══ INPUT DATA
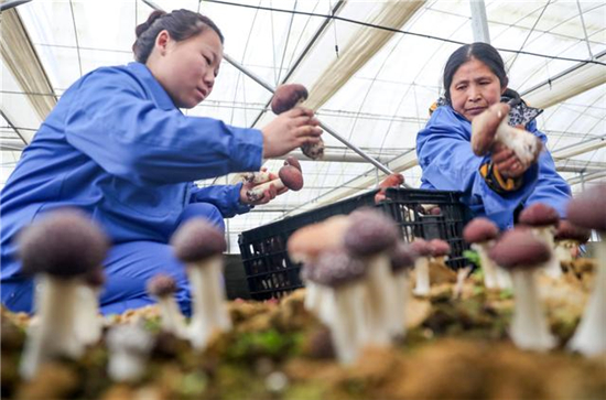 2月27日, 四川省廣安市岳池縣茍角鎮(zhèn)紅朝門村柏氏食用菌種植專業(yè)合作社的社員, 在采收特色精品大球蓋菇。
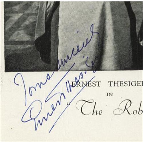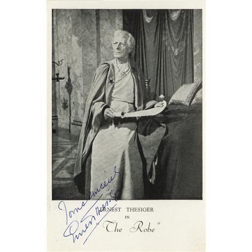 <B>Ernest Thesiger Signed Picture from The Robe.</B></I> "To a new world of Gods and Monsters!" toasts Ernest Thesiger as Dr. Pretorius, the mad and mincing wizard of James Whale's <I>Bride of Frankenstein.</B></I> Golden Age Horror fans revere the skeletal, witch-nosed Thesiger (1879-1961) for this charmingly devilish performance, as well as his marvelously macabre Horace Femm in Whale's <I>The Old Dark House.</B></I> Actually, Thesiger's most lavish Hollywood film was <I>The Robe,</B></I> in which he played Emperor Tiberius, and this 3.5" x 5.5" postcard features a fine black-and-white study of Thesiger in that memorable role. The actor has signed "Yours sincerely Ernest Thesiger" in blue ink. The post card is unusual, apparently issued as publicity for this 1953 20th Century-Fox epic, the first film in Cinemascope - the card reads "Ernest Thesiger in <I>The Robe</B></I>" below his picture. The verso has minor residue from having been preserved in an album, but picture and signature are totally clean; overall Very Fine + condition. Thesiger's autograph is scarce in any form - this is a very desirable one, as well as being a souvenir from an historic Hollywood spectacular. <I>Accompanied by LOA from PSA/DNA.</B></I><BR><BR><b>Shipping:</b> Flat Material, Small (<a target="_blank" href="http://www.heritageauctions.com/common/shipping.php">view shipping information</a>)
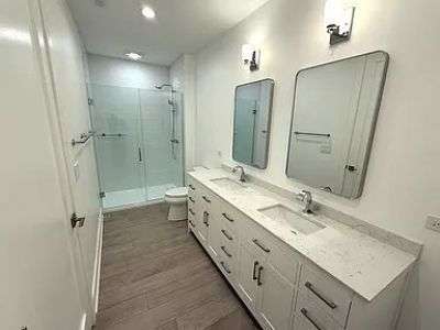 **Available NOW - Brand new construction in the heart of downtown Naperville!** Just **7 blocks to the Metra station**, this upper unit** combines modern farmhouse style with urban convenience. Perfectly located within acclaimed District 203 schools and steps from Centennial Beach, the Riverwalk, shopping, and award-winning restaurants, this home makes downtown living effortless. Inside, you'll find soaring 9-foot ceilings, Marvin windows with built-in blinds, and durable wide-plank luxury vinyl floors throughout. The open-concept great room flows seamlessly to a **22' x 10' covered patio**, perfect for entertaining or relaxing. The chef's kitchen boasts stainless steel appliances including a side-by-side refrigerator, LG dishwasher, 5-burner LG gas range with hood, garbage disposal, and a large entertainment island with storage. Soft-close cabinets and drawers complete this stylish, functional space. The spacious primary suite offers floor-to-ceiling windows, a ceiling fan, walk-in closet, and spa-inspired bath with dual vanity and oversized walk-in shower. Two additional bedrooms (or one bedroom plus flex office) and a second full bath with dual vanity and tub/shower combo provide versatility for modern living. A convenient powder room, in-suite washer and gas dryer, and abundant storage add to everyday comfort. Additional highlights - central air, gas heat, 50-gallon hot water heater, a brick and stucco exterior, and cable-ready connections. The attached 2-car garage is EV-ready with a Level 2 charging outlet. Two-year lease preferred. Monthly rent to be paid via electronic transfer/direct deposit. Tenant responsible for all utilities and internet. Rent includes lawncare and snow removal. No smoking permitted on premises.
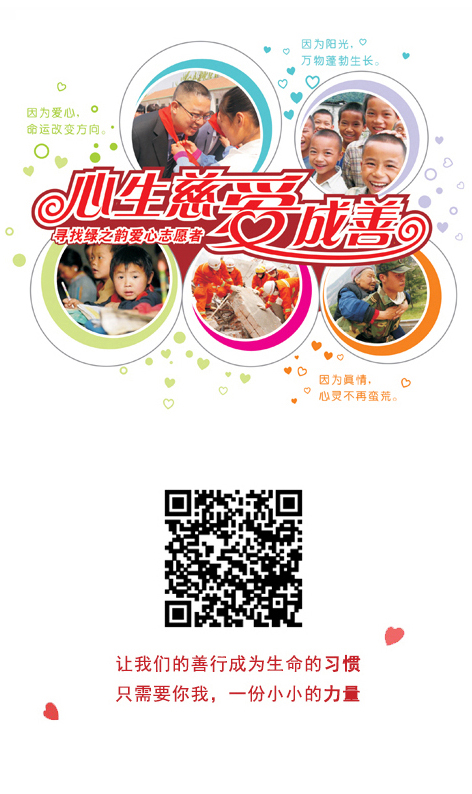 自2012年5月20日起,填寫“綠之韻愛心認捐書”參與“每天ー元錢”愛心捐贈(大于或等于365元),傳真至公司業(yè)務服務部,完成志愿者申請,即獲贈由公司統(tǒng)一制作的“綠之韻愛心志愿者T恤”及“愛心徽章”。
════
#### WORK TO COMPLETE:
Print the data above exactly; drop every picture.

#### SOLVED PROBLEM:
 2月27日, 四川省廣安市岳池縣茍角鎮(zhèn)紅朝門村柏氏食用菌種植專業(yè)合作社的社員, 在采收特色精品大球蓋菇。
 <B>Ernest Thesiger Signed Picture from The Robe.</B></I> "To a new world of Gods and Monsters!" toasts Ernest Thesiger as Dr. Pretorius, the mad and mincing wizard of James Whale's <I>Bride of Frankenstein.</B></I> Golden Age Horror fans revere the skeletal, witch-nosed Thesiger (1879-1961) for this charmingly devilish performance, as well as his marvelously macabre Horace Femm in Whale's <I>The Old Dark House.</B></I> Actually, Thesiger's most lavish Hollywood film was <I>The Robe,</B></I> in which he played Emperor Tiberius, and this 3.5" x 5.5" postcard features a fine black-and-white study of Thesiger in that memorable role. The actor has signed "Yours sincerely Ernest Thesiger" in blue ink. The post card is unusual, apparently issued as publicity for this 1953 20th Century-Fox epic, the first film in Cinemascope - the card reads "Ernest Thesiger in <I>The Robe</B></I>" below his picture. The verso has minor residue from having been preserved in an album, but picture and signature are totally clean; overall Very Fine + condition. Thesiger's autograph is scarce in any form - this is a very desirable one, as well as being a souvenir from an historic Hollywood spectacular. <I>Accompanied by LOA from PSA/DNA.</B></I><BR><BR><b>Shipping:</b> Flat Material, Small (<a target="_blank" href="http://www.heritageauctions.com/common/shipping.php">view shipping information</a>)
 **Available NOW - Brand new construction in the heart of downtown Naperville!** Just **7 blocks to the Metra station**, this upper unit** combines modern farmhouse style with urban convenience. Perfectly located within acclaimed District 203 schools and steps from Centennial Beach, the Riverwalk, shopping, and award-winning restaurants, this home makes downtown living effortless. Inside, you'll find soaring 9-foot ceilings, Marvin windows with built-in blinds, and durable wide-plank luxury vinyl floors throughout. The open-concept great room flows seamlessly to a **22' x 10' covered patio**, perfect for entertaining or relaxing. The chef's kitchen boasts stainless steel appliances including a side-by-side refrigerator, LG dishwasher, 5-burner LG gas range with hood, garbage disposal, and a large entertainment island with storage. Soft-close cabinets and drawers complete this stylish, functional space. The spacious primary suite offers floor-to-ceiling windows, a ceiling fan, walk-in closet, and spa-inspired bath with dual vanity and oversized walk-in shower. Two additional bedrooms (or one bedroom plus flex office) and a second full bath with dual vanity and tub/shower combo provide versatility for modern living. A convenient powder room, in-suite washer and gas dryer, and abundant storage add to everyday comfort. Additional highlights - central air, gas heat, 50-gallon hot water heater, a brick and stucco exterior, and cable-ready connections. The attached 2-car garage is EV-ready with a Level 2 charging outlet. Two-year lease preferred. Monthly rent to be paid via electronic transfer/direct deposit. Tenant responsible for all utilities and internet. Rent includes lawncare and snow removal. No smoking permitted on premises.
 自2012年5月20日起,填寫“綠之韻愛心認捐書”參與“每天ー元錢”愛心捐贈(大于或等于365元),傳真至公司業(yè)務服務部,完成志愿者申請,即獲贈由公司統(tǒng)一制作的“綠之韻愛心志愿者T恤”及“愛心徽章”。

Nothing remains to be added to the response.